I've been following the tensorflow walkthrough here to create my own categorical OHE layer. The layer suggested is below and I've followed the preceding steps to the guide very closely:
def get_category_encoding_layer(name, dataset, dtype, max_tokens=None):
# Create a StringLookup layer which will turn strings into integer indices
if dtype == 'string':
index = preprocessing.StringLookup(max_tokens=max_tokens)
else:
index = preprocessing.IntegerLookup(max_tokens=max_tokens)
# Prepare a Dataset that only yields our feature
feature_ds = dataset.map(lambda x, y: x[name])
# Learn the set of possible values and assign them a fixed integer index.
index.adapt(feature_ds)
# Create a Discretization for our integer indices.
encoder = preprocessing.CategoryEncoding(num_tokens=index.vocabulary_size())
# Apply one-hot encoding to our indices. The lambda function captures the
# layer so we can use them, or include them in the functional model later.
return lambda feature: encoder(index(feature))

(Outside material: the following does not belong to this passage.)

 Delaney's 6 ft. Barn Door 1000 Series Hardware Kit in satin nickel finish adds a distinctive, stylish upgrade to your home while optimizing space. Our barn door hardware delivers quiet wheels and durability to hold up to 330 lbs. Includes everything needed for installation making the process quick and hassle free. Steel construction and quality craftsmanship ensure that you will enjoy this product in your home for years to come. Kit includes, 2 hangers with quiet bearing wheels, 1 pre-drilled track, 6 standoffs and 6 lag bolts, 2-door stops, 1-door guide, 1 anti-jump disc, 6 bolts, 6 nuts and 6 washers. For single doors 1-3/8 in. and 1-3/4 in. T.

However the output isn't aligned with the guide. When my input to the layer is a list of n strings, instead of the output being shape (n, vocabulary size), I am receiving an output of shape (1, vocabulary size), with multiple categories incorrectly marked '1'.

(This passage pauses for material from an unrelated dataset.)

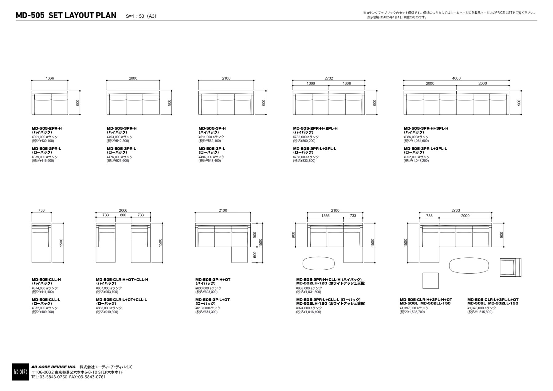 MD-505-3P-H W2100・D900・H960(SH400)・AH600 MD-505-2PR/2PL-H W1366・D900・H960(SH400)・AH600 MD-505-3PR/3PL-H W2000・D900・H960(SH400)・AH600 MD-505-CLR/CLL-H W733・D1500・H960(SH400)・AH600 MD-505-3P-L W2100・D900・H850(SH400)・AH600 MD-505-2PR/2PL-L W1366・D900・H850(SH400)・AH600 MD-505-3PR/3PL-L W2000・D900・H850(SH400)・AH600 MD-505-CLR/CLL-L W1500・D733・H850(SH400)・AH600 MD-505-OT-60 W600・D600・H400 MD-505-OTS-60/40 W600・D400・H400 ※床からフレームまで110mm

e.g. using n=2 and vocabulary size=3
Instead of getting an OHE of [[1, 0, 0], [0, 1, 0]]
, I am getting [1, 1, 0]
.
My code is exactly the same as the guide, but it looks like the layer is "merging" the encoding of each element of my input. Is there something wrong with the layer they provided or could someone give pointer on what I could test?
CodePudding user response:
By default, CategoryEncoding uses output_mode="multi_hot". That's why you're getting output of size (1, vocab_size). To get OHE of size (n, vocab_size), make this change in your code
encoder = preprocessing.CategoryEncoding(num_tokens=index.vocabulary_size(), output_mode='one_hot')